A late-afternoon rally helped stocks bounce back from a midafternoon slide. The S&P 500 rose 1%, with about 76% of the stocks in the index notching gains.
The benchmark S&P 500 closed August with a 2.3% gain for the month. It’s now up 18.4% so far this year and is within 0.4% of the all-time high it set in July.
The Dow Jones Industrial Average rose 0.6%, setting its fourth all-time high this week.
The Nasdaq composite ended 1.1% higher.
Wall Street spent the day mulling over encouraging reports on inflation, consumer spending and income.
The Commerce Department said its personal consumption and expenditures report showed prices rose just 0.2% from June to July, up slightly from the previous month’s 0.1% increase. Compared with a year earlier, inflation was unchanged at 2.5%.
Economists had expected the PCE, which is the Federal Reserve’s preferred measure of inflation, would to show that inflation edged up to 2.6% in July. It was as high as 7.1% in the middle of 2022.

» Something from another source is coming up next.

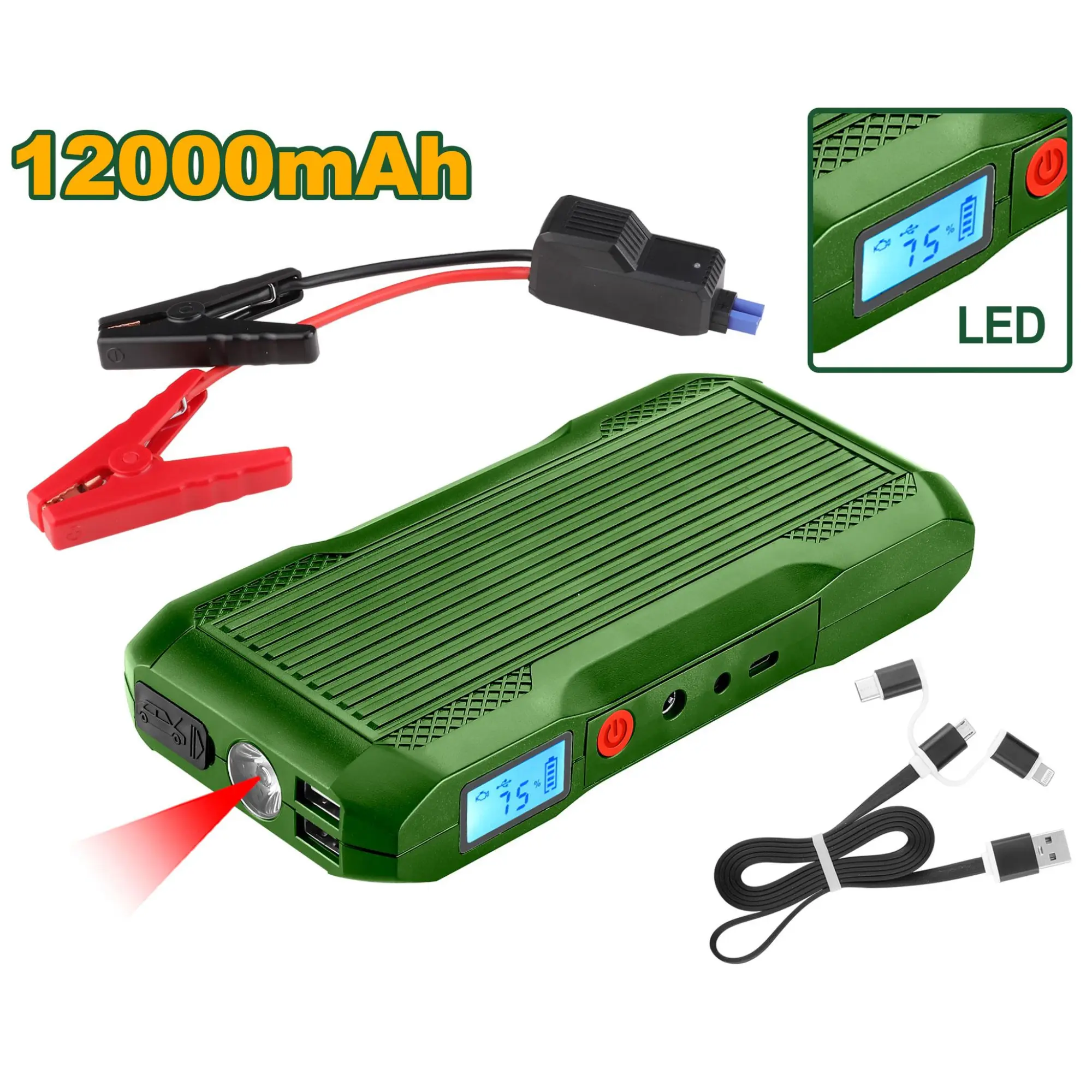 – Funciona como arrancador de vehículos, banco de energía (Power Bank) para dispositivos móviles y linterna de emergencia.

The report confirms price increases are cooling, keeping the central bank on track to cut rates for the first time in more than four years at its upcoming meeting next month. The market is betting that the Fed will cut its benchmark rate by a full 1% by the end of the year.
“Weakening inflation gives the Fed plenty of room to begin cutting rates, while still resilient household spending is the recipe for a soft landing,” said David Alcaly, lead macroeconomic strategist at Lazard Asset Management.

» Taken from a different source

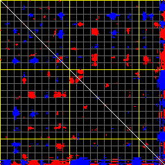 This matrix displays the maximum distance fluctuations between all pairs of CA atoms and between the two extreme conformations that were computed for this mode (DQMIN/DQMAX). Distance increases are plotted in blue and decreases in red for the strongest 10% of the residue pair distance changes. Every pixel corresponds to a single residue. Grey lines are drawn every 10 residues, yellow lines every 100 residues (counting from the upper left corner).

Bond yields were mixed in the Treasury market. The yield on the 10-year Treasury rose to 3.92% from 3.86% late Thursday.
Technology stocks led the market. Marvell Technology climbed 9.2% after its latest quarterly results hit Wall Street’s sales and profit targets. Other chipmakers also rose. Broadcom added 3.8% and Nvidia gained 1.5%.
Dell also beat analysts’ second-quarter forecasts, boosted by record server and networking revenue as companies continue to beef up their artificial intelligence infrastructure. Its shares rose 4.3%.